Heathcote himself, and such large-acred men,
Lords of fat E'sham, or of Lincoln fen,
Buy every stick of wood that lends them heat;
Buy every pullet they afford to eat.
Yet these are wights, who fondly call their own
Half that the devil o'erlooks from Lincoln-town.
The laws of God, as well as of the land,
Abhor a perpetuity should stand :
Estates have wings, and bang in fortune's power,
Loose on the point of every wavering hour,
Ready, by force, or of your own accord,
By sale, at least by death, to change their lord.
Man ? and forever? wretch! what wouldst thou have,
Heir urges heir, like wave impelling wave.
All vast possessions (just the same the case
Whether you call them villa, park, or chase),
Alas, my Bathurst! what will they avail ?
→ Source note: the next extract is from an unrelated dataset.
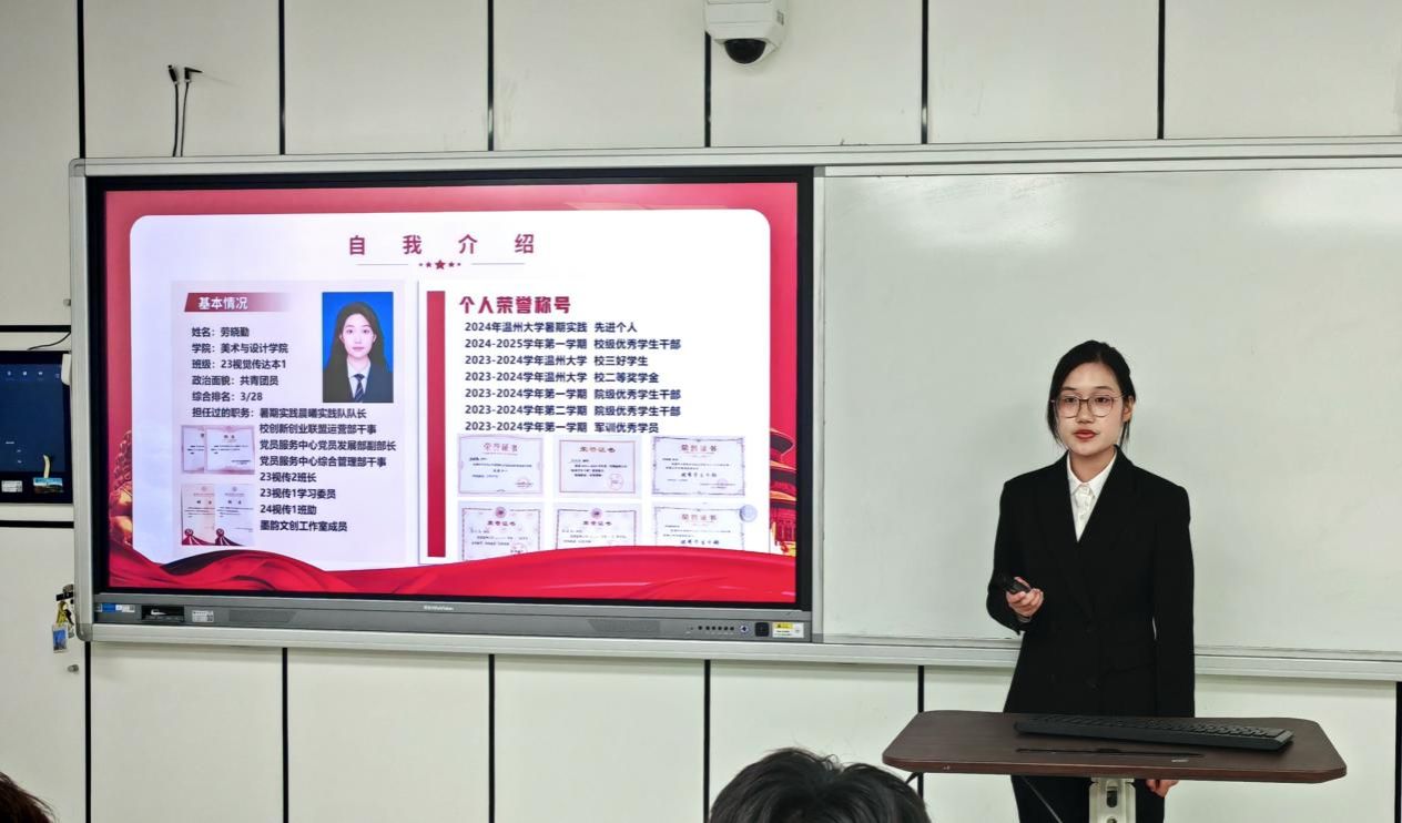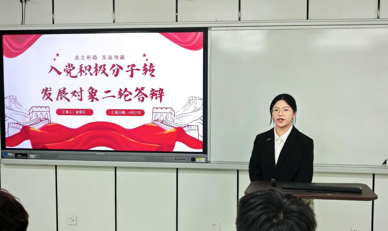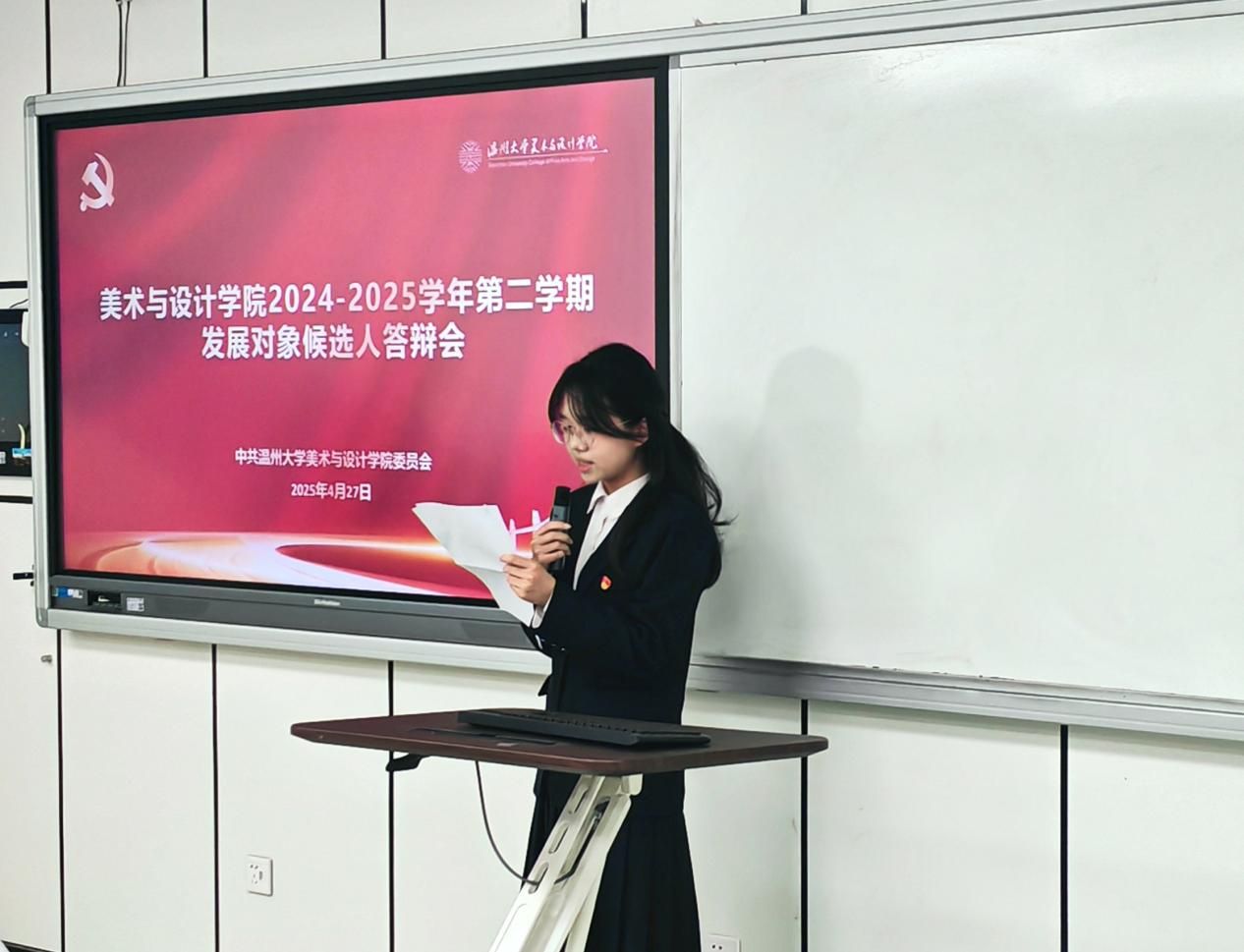 为扎实推进学生党支部建设,提高学生党员素质和服务意识,严格把控党员发展关口,吸纳理论知识储备丰富、党性修养良好的同学向党组织靠拢。2025年4月27日下午,禁忌书屋 “学生党支部发展对象候选人答辩会”于美术楼2B3001教室顺利举行。出席此次答辩会的有学院学工办科长杨永利老师、党建指导老师陈嘉怡老师、辅导员石建林老师、刘伟金老师以及全体学生党员。会议开始,主持人叶欣雨同志宣布本次答辩会的议程和相关要求。本次答辩共有30位发展对象候选人。候选人依次通过PPT进行个人陈述,主要汇报入党动机、学习工作、志愿服务等方面情况以及自身存在的不足与未来展望等。评审通过对发展对象候选人的党章理论知识考核成绩、量化考核和现场答辩汇报等方面进行全方位考察。学院党建指导老师陈嘉怡对本次答辩会作了总结。陈老师希望各位学生党员时刻铭记自己的初心使命,秉持着“成熟一个,发展一个”的原则,认真对待每一个发展对象。并强调这不仅是对候选人负责,更是对党组织纯洁性和先进性的有力保障,确保为党输送德才兼备的新生力量。会后,集中观看《永远吹冲锋号》第三集《铁规矩硬杠杠》纪录片。陈嘉怡老师领学《温州大学党员先锋引领“十要”》文件精神,深入解读了党员带头作用、骨干作用和桥梁作用的深刻内涵与重要意义。她指出,学生党员要敢于担当作为、勇于攻坚克难,积极践行“十要”准则,认真落实“五个带头”优良作风,以担当尽责的实际行动践行初心使命,争做温大先锋。本次拟发展对象答辩会,是新时代党的组织路线在基层党组织中的生动实践。这一举措为党员发展工作提供了规范化、制度化的流程。会后的中央八项规定精神学习与“党员先锋引领十要”准则的学习更是强化了学生党员的党性修养。希望各位学生党员能坚定信念,化正确思想为实际行动;同时希望各位拟发展对象能始终以一名共产党员的标准严格要求自己,积极向党组织靠拢,争取早日加入中国共产党!图文:沈吟珊 周心妍初审:何唐蔚复审:陈嘉怡终审:刘青松 叶如芳

Join Cotswood's hills to Saperton's fair dale,
Let rising granaries and temples here,
Their mingled farms and pyramids appear,
Link towns to towns with avenues of oak,
Enclose whole downs in walls, 'tis all a joke!
Inexorable death shall level all,
And trees, and stones, and farm, and farmer fall.

Gold, silver, ivory, vases sculptured high,
Paint, marble, gems, and robes of Persian dye,
There are who have not-and, thank Heaven! there

are,
Who if they have not, think not worth their care.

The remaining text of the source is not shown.